LISTED RECORDS:
========================================
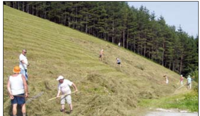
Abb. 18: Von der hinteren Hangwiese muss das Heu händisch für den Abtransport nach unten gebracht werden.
========================================
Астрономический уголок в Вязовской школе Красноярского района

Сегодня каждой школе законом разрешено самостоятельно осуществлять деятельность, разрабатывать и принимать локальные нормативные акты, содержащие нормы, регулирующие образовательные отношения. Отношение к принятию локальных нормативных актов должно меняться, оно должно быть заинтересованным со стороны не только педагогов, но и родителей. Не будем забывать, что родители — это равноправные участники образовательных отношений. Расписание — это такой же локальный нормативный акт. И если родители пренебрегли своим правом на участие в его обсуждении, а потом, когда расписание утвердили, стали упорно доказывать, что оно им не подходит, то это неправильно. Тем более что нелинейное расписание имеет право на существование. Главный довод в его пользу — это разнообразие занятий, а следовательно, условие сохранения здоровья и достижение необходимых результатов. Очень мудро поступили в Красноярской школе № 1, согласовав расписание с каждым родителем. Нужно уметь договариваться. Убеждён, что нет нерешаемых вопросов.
========================================
INSTRUCTIONS TO FOLLOW: Please write out, exactly as they appear above, only the lines in the stretch from the line with "Астрономический уголок в" through the line with "Сегодня каждой школе".

ANSWER TO THIS EXERCISE:
Астрономический уголок в Вязовской школе Красноярского района

Сегодня каждой школе законом разрешено самостоятельно осуществлять деятельность, разрабатывать и принимать локальные нормативные акты, содержащие нормы, регулирующие образовательные отношения. Отношение к принятию локальных нормативных актов должно меняться, оно должно быть заинтересованным со стороны не только педагогов, но и родителей. Не будем забывать, что родители — это равноправные участники образовательных отношений. Расписание — это такой же локальный нормативный акт. И если родители пренебрегли своим правом на участие в его обсуждении, а потом, когда расписание утвердили, стали упорно доказывать, что оно им не подходит, то это неправильно. Тем более что нелинейное расписание имеет право на существование. Главный довод в его пользу — это разнообразие занятий, а следовательно, условие сохранения здоровья и достижение необходимых результатов. Очень мудро поступили в Красноярской школе № 1, согласовав расписание с каждым родителем. Нужно уметь договариваться. Убеждён, что нет нерешаемых вопросов.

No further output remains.